In early July, Durkin headed out on a monthlong tour of eastern Afghanistan. Her job was to set up computers and train soldiers on the Army's Eagle Cash system, a finance system for military members overseas that uses stored-value cards. The tour would take her from Kabul to Jalalabad to Sharana, some of which she videotaped. She flew in a Black Hawk helicopter: "Now, that's the way to fly," she wrote.
Durkin was clearly excited to get close to the front lines, and felt her work was meaningful.
"Educating troops about money is a great feeling because they feel supported," Durkin wrote. "The last thing a guy needs to worry about after fighting is if his finances are OK."
In her group e-mails, Durkin was chatty and sometimes jocular. She rarely mentioned politics or the larger backdrop of the war. Nor did she ever make reference to the "enemies" she would later describe to friends and family. Friends say that she wrote more intimately in her individual e-mails, but they were of a similar positive tone.
There were two things, however, of some concern. Jensen noted that Durkin's e-mails became far fewer as time passed, as though she were preoccupied. Durkin also e-mailed her friend Dawn Hurley about the soldier who put his gun to her head, saying she had had a "close encounter," but did not elaborate. Back home on leave, she told Hurley that, "he was someone having a bad reaction, but she felt completely safe after that," said Hurley. "She said she was OK."

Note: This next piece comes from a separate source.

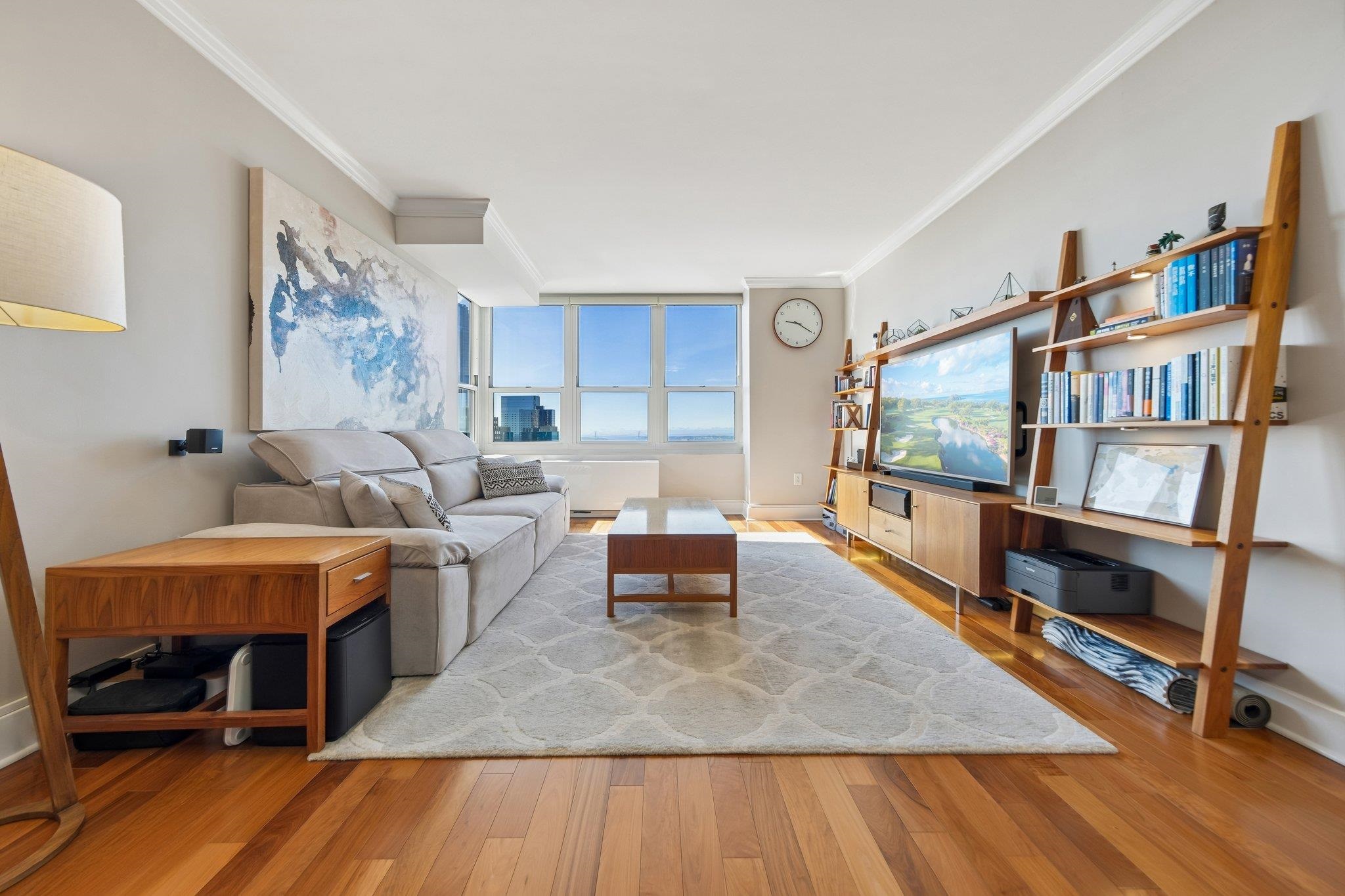 Private patio living in the sought-after Hamilton Park neighborhood — this beautifully renovated two-bedroom home blends modern upgrades, classic architectural charm, and an unbeatable Downtown Jersey City location just moments from the Grove Street PATH. Situated on the first floor of a well-maintained boutique three-unit, pet-friendly building, this thoughtfully designed residence offers approximately 851 square feet of comfortable living space along with a private covered patio ideal for outdoor dining, entertaining, or relaxing. The home opens into a bright and inviting living and dining area highlighted by beautiful bay windows that fill the space with natural light while adding classic architectural character. Crown molding, recessed tech-enabled LED lighting, and dark-stained hardwood floors create a warm and sophisticated atmosphere throughout the main living spaces. Sliding glass doors extend the living area outdoors to a private covered patio, complete with a retractable awning and integrated lighting that allows for comfortable evening enjoyment. The recently designer-renovated kitchen is a standout feature of the home, designed with both style and functionality in mind. It showcases quartz countertops, white shaker-style cabinetry with full-height storage, a sleek slab-style backsplash, under-cabinet lighting, brass hardware accents, tech-enabled stainless steel appliances, and striking black hexagonal tile flooring. The layout provides generous workspace and storage while maintaining a clean and modern aesthetic. Both bedrooms are well-proportioned and thoughtfully positioned within the home. The primary bedroom features a charming bay window and a custom closet system providing excellent organization and storage. The second bedroom offers exceptional flexibility and works perfectly as a guest room, nursery, or dedicated work-from-home office—an increasingly valuable feature for today’s buyers. The bathroom has also been tastefully renovated with classic white subway tile and a Carrara marble-top vanity, creating a timeless and elegant space. Additional features include efficient mini-split heating and cooling, recessed LED lighting, ceiling fans, an in-home washer and dryer, and a large under-stair storage closet providing valuable additional space rarely found in similar Downtown residences. Smart home enhancements include keyless entry, recessed LED lighting, LG kitchen appliances, and a home security system for added convenience and peace of mind. For added buyer confidence, the seller will provide a one-year home warranty through Assurant at closing. Perfectly positioned on a quiet residential block within the Harsimus Cove neighborhood, the home is just moments from the beloved Hamilton Park, known for its tennis courts, dog runs, playgrounds, and vibrant community events. The location also offers easy access to the lively dining scene surrounding the Newark Avenue Pedestrian Plaza, where local favorites include Maxwell Alley, The Archer, San Patricios, the beloved ramen spot Ani Ramen House, and neighborhood café The Hive. Commuting to Manhattan is effortless with the nearby Grove Street PATH Station providing direct service to Midtown and the World Trade Center via the PATH or the 126 NJ Transit Bus at Hamilton Park via Hoboken to NY Port Authority. Combining private outdoor space, modern upgrades, architectural charm, and an unbeatable Downtown Jersey City location, this home presents an exceptional opportunity to enjoy one of the most vibrant and sought-after neighborhoods in the area.

Durkin also told her family about some worrisome things she had seen in Afghanistan, and about enemies she might have made.
At the time, no one took her comments all together seriously. "They certainly believed that she saw something she didn't like, but when she said they might need to investigate, it seemed it might be a flip remark," said Bailey.
In any case, Ciara was home and the celebration was big. There were several parties. At one barbecue, Durkin had a tattoo of a soldier done on her shoulder and back. She went to a few Red Sox games, and visited her siblings and mother in Quincy. She spent time with her partner, Loreto, to whom she was engaged.
And on Sept. 11th, she spent the day training at the Federal Reserve Bank in Boston, which helps manage the military's Eagle Cash system. Durkin was excited about the visit and hoped that she could get a job there when she returned home for good.
And that was a day she was very much looking forward to.
"I'm always a soldier, that's in my blood," Durkin wrote in one of her last e-mails. "But I will enjoy a reprise from the whole war thing."